Data items
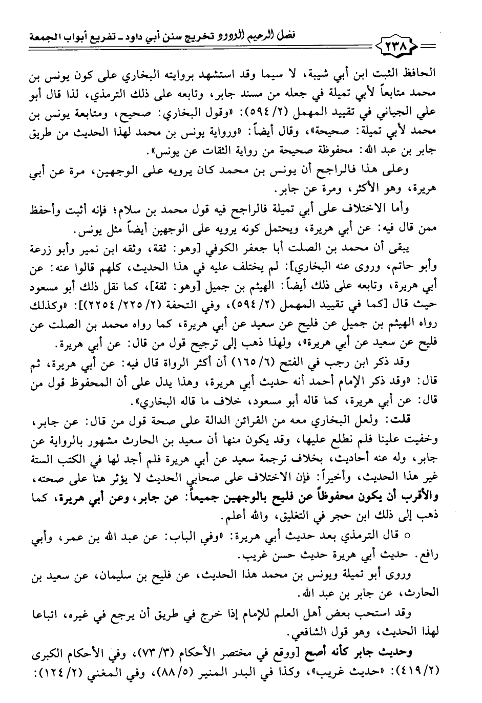 قلت: ولعل البخاري معه من القرائن الدالة على صحة قول من قال: عن جابر، وخفيت علينا فلم نطلع عليها، وقد يكون منها أن سعيد بن الحارث مشهور بالرواية عن جابر، وله عنه أحاديث، بخلاف ترجمة سعيد عن أبي هريرة فلم أجد لها في الكتب الستة غير هذا الحديث، وأخيرًا: فإن الاختلاف على صحابي الحديث لا يؤثر هنا على صحته، والأقرب أن يكون محفوظًا عن فليح بالوجهين جميعًا: عن جابر، وعن أبي هريرة، كما ذهب إلى ذلك ابن حجر في التغليق، واللَّه أعلم.
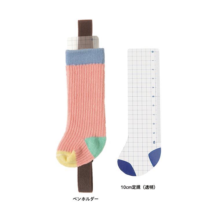 付属の靴下型定規にペンのクリップを挟むことで、ペンがしっかりと固定されます。
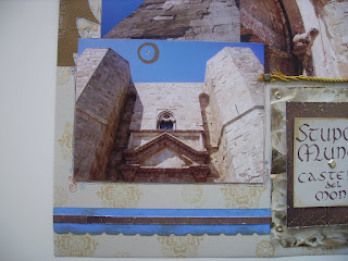La pagina è dedicata ad una delle mie grandi passioni: Federico II, e in particolare alcune foto di Castel del Monte, fatte nell'estate 2008, durante una bellissima vacanza a Bari e provincia; ho cercato di dare un tono molto "medievale": le scritte sono realizzate a mano con penna calligrafica, e applicate su un ritaglio di patterned paper Once upon a time, della DCWV, applicato su un ritaglio di carta pergamena, accartocciata e sporcata con distress ink e acrilico color bronzo.
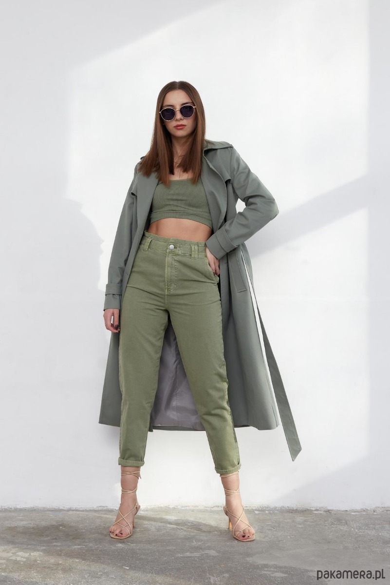 Klasyczny trencz w kolorze zielonym, jest wykonany z włoskiej bawełny. Precyzja jest cechą konieczną do uszycia tego produktu, przez co realizacja jego trwa dużo czasu i wymaga dużego fachu. Trencz zapinany jest na guziki i zawiera pasek, pagony z guzikami na ramionach, wiatrołapy i patki przy rękawach posiada dwie pojemne kieszenie. Ma naturalny skład: 97% co bawełna, 3% elastan. Gramatura bawełny: 480g/mb. Podszewka:100% wiskoza
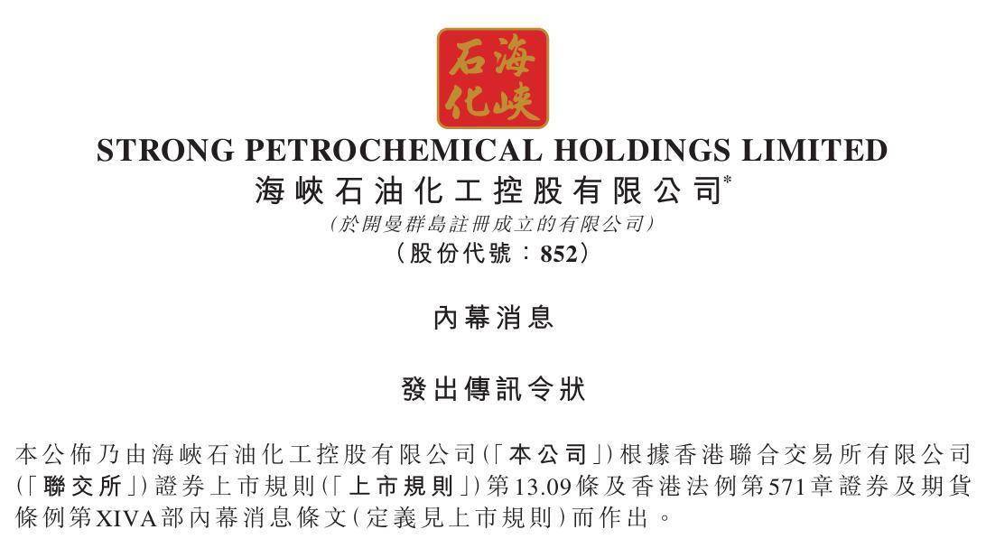 10月17日晚间,海峡石油化工公告称,10月15日,公司间接全资附属公司海峡石油化工有限公司(下称“海峡香港”)对海峡香港前董事姚国梁先生及谭笑先生向香港特别行政区高等法院提交传讯令状,指称被告人于海峡香港于2024年末与外部订约方进行之有关原油买卖交易中违反其对海峡香港所负之受信、普通法及╱或法定责任,要求被告人向海峡香港偿付其于所指称之交易中所蒙受之损失及损害,金额约为人民币3700万元。
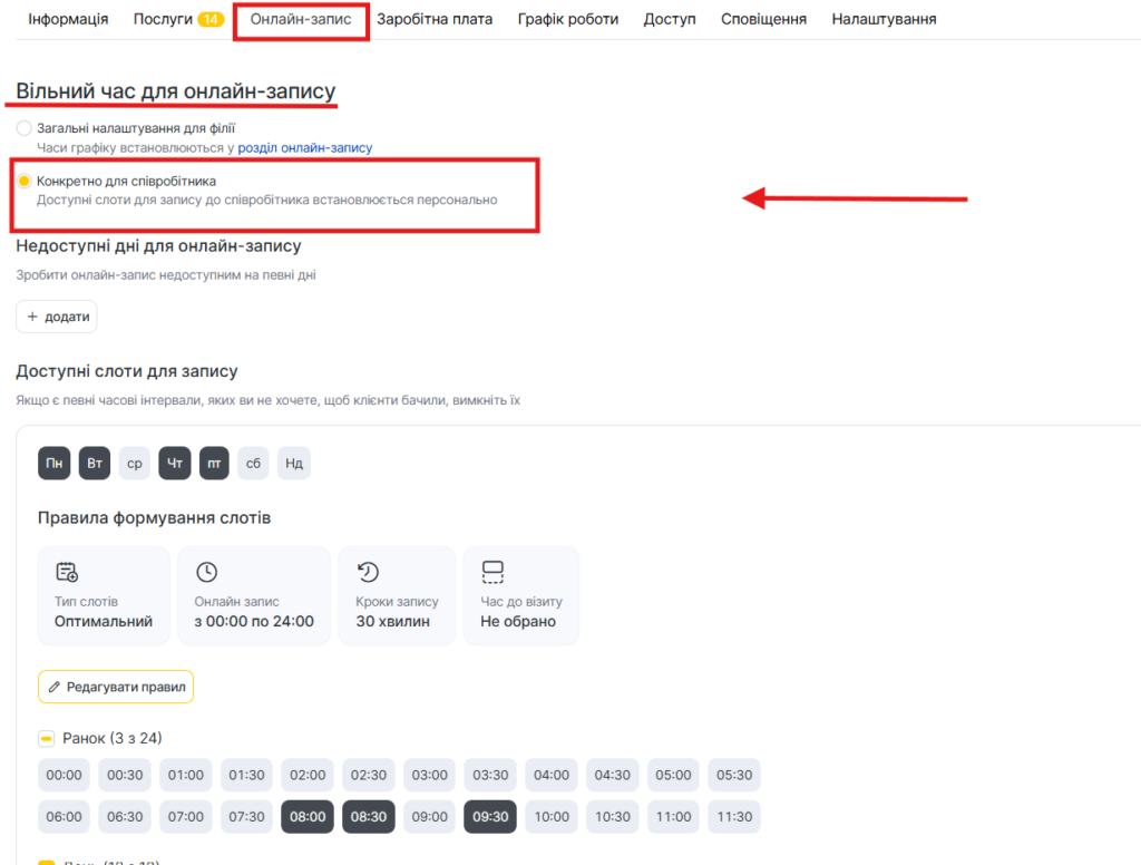Налаштування для філії та для співробітників є однаковими за логікою. Відмінність полягає лише в тому, що загальні налаштування діють для всіх співробітників, а персональні — тільки для вибраного співробітника. Для різних співробітників можна задати різні параметри доступного часу.
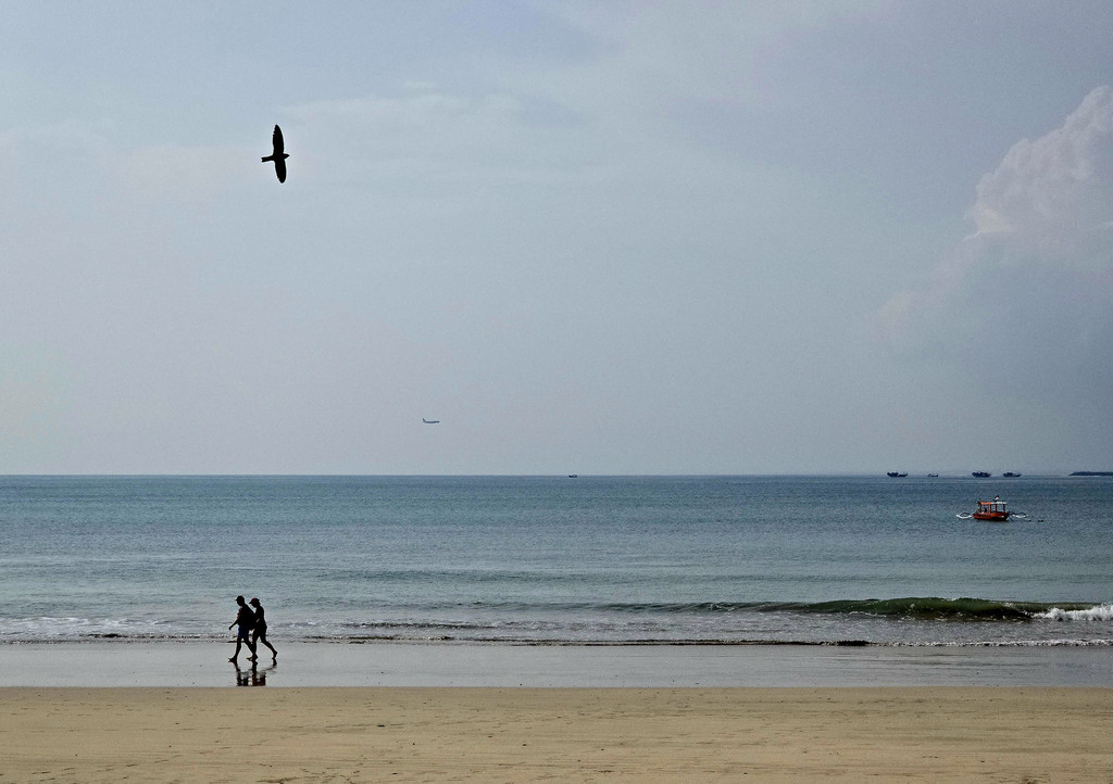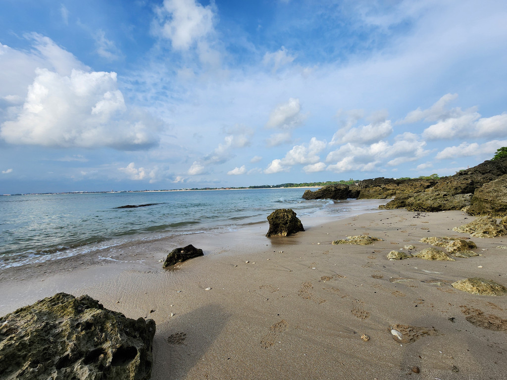 中午再步出金巴兰沙滩,今天是巴厘岛的假期,海边的烧烤餐厅没有营业,反而减少了烧烤的烟火,玩水的游人依旧不少,不过和偌大的沙滩对比起来只是寥寥。
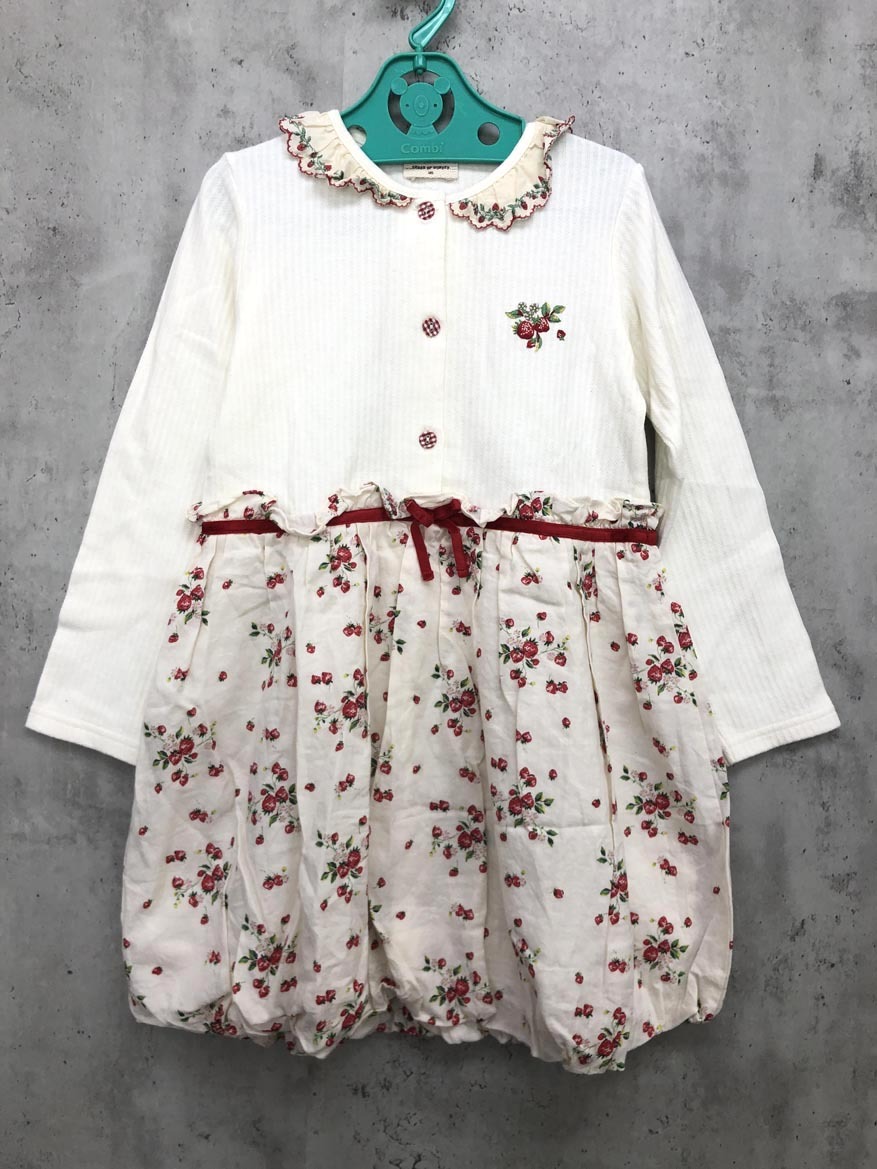 - ゆうパケットOK 美品 sense of wonder センスオブワンダー オーガニックコットン いちご柄 野イチゴ 長袖 ワンピ size120/エクリュ ■◇
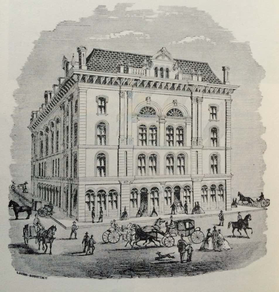 Case Hall was completed in 1865. When the Ark's frame house was torn down in 1875 to build a new federal building on the northeast side of Public Square, the Arkites moved next door to Case Hall. It stood until 1902 when it too was demolished (along with the federal building) to construct a new Post Office as part of the Group Plan. | Source: William Payne, Cleveland Illustrated (Cleveland: Fairbanks and Benedict, 1876)Download Original File
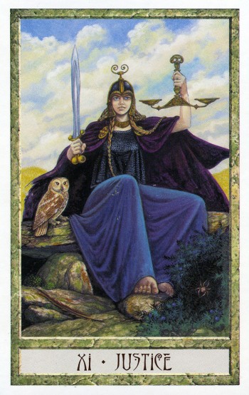 This card carries the number 11. In the Rider-Waite deck, Strength and Justice have swapped places because Waite saw links with the astrological signs Leo and Libra.
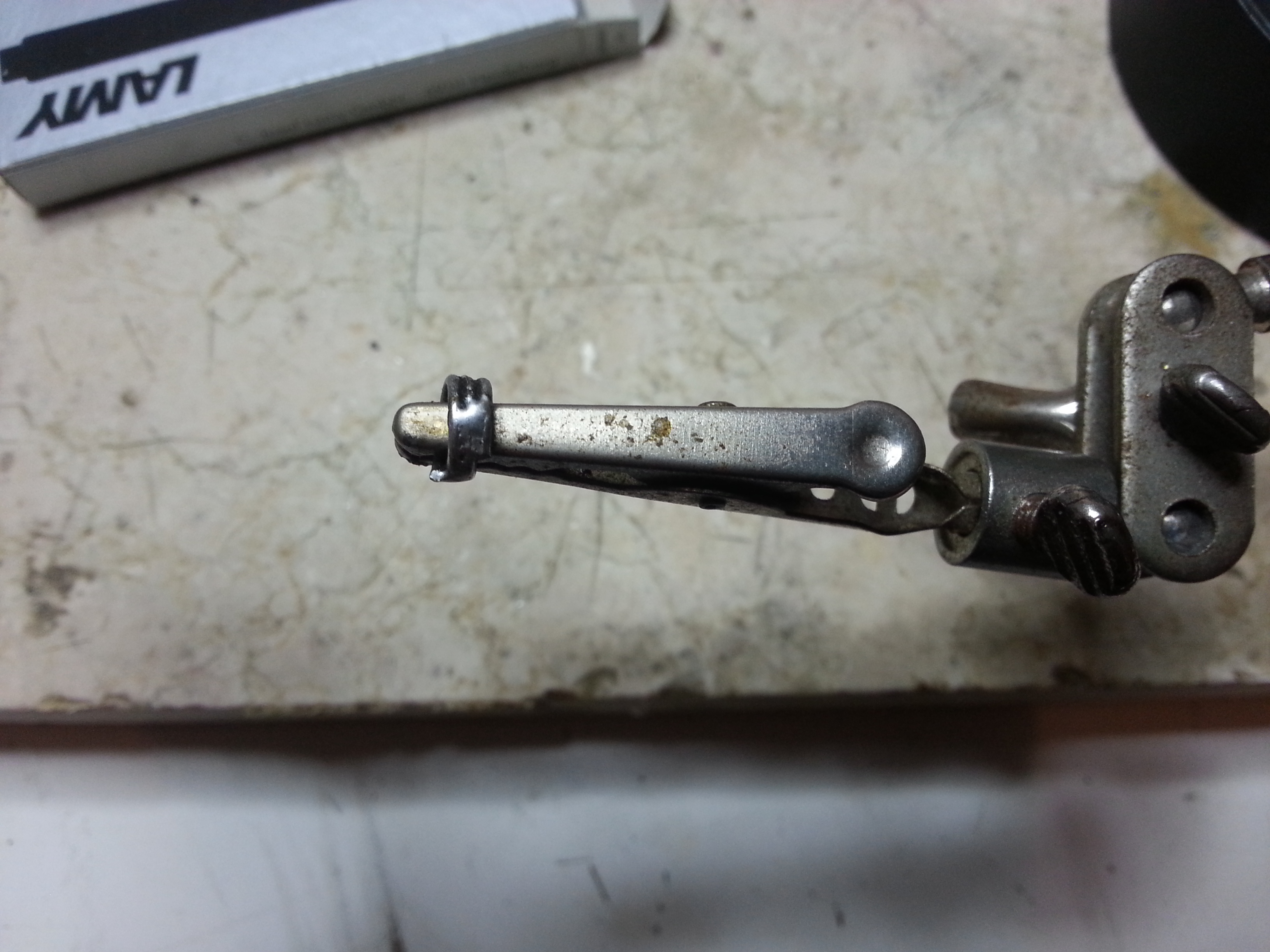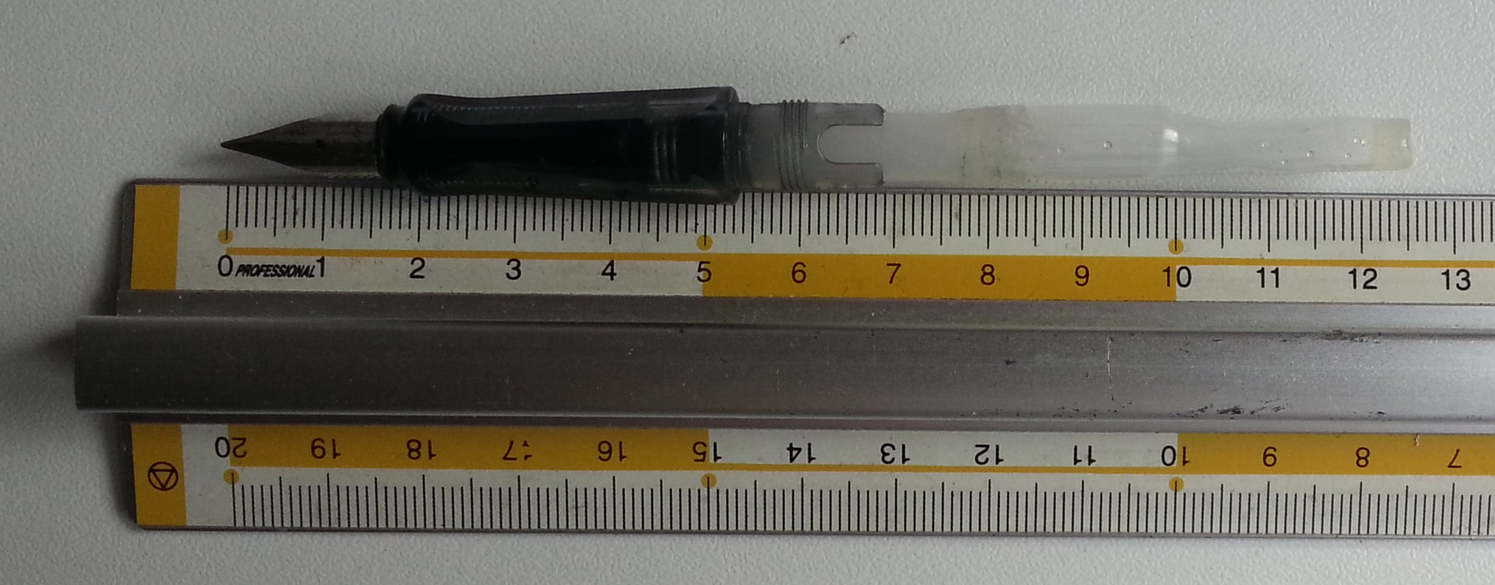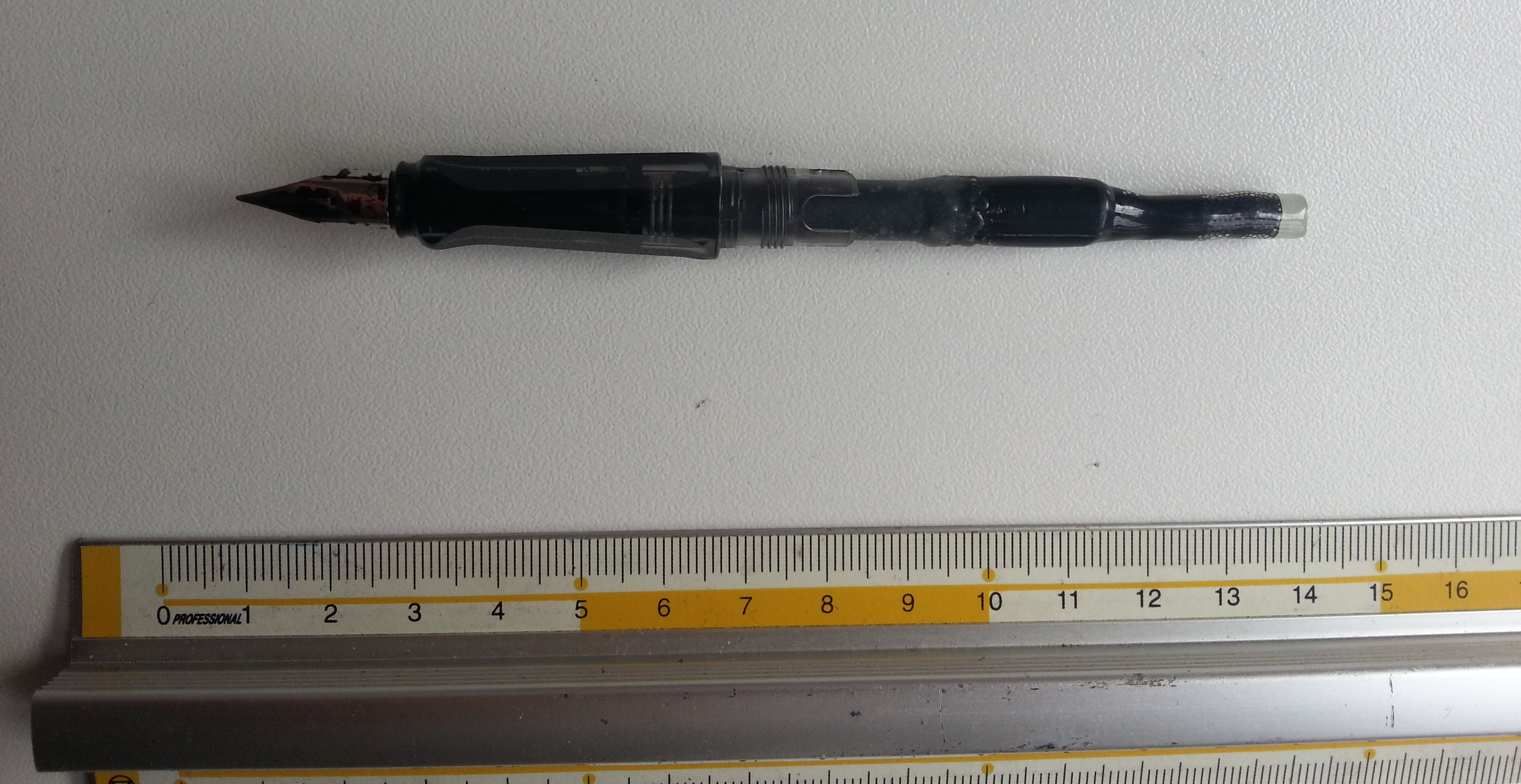 Il converter è costituito da due metà, e per realizzarlo sono partito da una cartuccia Lamy originale, che ho tagliato per una lunghezza di circa 3.8mm a partire dall'innesto, come visibile in questa foto:

* _PROBLEM TO WORK ON_
Starting with the line that has "付属の靴下型定規にペンのクリップを挟むことで、ペンがしっかりと固定されます。" and going on through the line that has "Klasyczny trencz w", transcribe the records above exactly, but skip the pictures.

* _ANSWER_
 付属の靴下型定規にペンのクリップを挟むことで、ペンがしっかりと固定されます。
La pagina è dedicata ad una delle mie grandi passioni: Federico II, e in particolare alcune foto di Castel del Monte, fatte nell'estate 2008, durante una bellissima vacanza a Bari e provincia; ho cercato di dare un tono molto "medievale": le scritte sono realizzate a mano con penna calligrafica, e applicate su un ritaglio di patterned paper Once upon a time, della DCWV, applicato su un ritaglio di carta pergamena, accartocciata e sporcata con distress ink e acrilico color bronzo.
 Klasyczny trencz w kolorze zielonym, jest wykonany z włoskiej bawełny. Precyzja jest cechą konieczną do uszycia tego produktu, przez co realizacja jego trwa dużo czasu i wymaga dużego fachu. Trencz zapinany jest na guziki i zawiera pasek, pagony z guzikami na ramionach, wiatrołapy i patki przy rękawach posiada dwie pojemne kieszenie. Ma naturalny skład: 97% co bawełna, 3% elastan. Gramatura bawełny: 480g/mb. Podszewka:100% wiskoza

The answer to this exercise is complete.